--- Extracted material ---
BEGIN

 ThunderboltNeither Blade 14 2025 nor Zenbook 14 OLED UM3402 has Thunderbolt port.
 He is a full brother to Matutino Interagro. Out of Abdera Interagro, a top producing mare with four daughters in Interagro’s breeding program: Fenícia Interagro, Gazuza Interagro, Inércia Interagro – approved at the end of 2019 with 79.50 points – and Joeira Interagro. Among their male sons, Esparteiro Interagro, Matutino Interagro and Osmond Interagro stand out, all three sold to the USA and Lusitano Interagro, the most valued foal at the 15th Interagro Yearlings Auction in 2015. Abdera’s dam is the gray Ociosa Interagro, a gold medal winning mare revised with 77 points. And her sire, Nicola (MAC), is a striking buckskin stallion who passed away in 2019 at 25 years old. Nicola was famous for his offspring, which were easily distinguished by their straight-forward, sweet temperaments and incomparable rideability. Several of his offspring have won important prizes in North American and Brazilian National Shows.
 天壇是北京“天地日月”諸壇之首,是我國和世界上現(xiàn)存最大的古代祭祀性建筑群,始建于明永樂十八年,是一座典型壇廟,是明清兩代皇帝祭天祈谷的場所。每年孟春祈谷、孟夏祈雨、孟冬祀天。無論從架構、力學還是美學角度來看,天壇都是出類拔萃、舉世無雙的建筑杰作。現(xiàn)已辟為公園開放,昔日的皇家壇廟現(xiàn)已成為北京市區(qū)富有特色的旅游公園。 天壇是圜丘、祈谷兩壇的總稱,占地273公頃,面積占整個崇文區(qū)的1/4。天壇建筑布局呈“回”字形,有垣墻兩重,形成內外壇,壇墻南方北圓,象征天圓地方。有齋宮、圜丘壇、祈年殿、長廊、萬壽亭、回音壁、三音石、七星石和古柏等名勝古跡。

END
BEGIN

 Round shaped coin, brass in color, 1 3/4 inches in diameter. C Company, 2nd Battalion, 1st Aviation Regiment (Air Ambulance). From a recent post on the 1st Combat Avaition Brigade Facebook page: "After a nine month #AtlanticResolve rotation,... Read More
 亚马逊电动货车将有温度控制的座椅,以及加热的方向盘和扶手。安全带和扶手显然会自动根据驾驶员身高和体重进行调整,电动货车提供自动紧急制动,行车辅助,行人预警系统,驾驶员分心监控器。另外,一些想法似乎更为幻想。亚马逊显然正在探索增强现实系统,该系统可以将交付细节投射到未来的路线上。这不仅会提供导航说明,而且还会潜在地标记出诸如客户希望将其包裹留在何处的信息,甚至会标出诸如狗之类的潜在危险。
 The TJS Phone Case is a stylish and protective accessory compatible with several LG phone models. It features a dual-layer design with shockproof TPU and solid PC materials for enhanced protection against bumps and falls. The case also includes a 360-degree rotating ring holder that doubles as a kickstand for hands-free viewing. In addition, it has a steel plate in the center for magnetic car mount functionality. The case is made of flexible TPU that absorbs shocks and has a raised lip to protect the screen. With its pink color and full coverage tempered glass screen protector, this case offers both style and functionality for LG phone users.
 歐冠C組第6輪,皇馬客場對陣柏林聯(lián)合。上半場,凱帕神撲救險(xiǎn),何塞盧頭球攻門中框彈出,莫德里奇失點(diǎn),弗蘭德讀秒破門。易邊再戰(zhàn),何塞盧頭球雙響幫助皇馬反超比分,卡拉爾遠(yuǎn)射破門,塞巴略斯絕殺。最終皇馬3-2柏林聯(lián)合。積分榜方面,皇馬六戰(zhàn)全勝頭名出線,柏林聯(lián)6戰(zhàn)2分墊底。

END

--- Task item ---
Check each line of the listing for "color". Show those that have it.

--- Written response ---
 Round shaped coin, brass in color, 1 3/4 inches in diameter. C Company, 2nd Battalion, 1st Aviation Regiment (Air Ambulance). From a recent post on the 1st Combat Avaition Brigade Facebook page: "After a nine month #AtlanticResolve rotation,... Read More
 The TJS Phone Case is a stylish and protective accessory compatible with several LG phone models. It features a dual-layer design with shockproof TPU and solid PC materials for enhanced protection against bumps and falls. The case also includes a 360-degree rotating ring holder that doubles as a kickstand for hands-free viewing. In addition, it has a steel plate in the center for magnetic car mount functionality. The case is made of flexible TPU that absorbs shocks and has a raised lip to protect the screen. With its pink color and full coverage tempered glass screen protector, this case offers both style and functionality for LG phone users.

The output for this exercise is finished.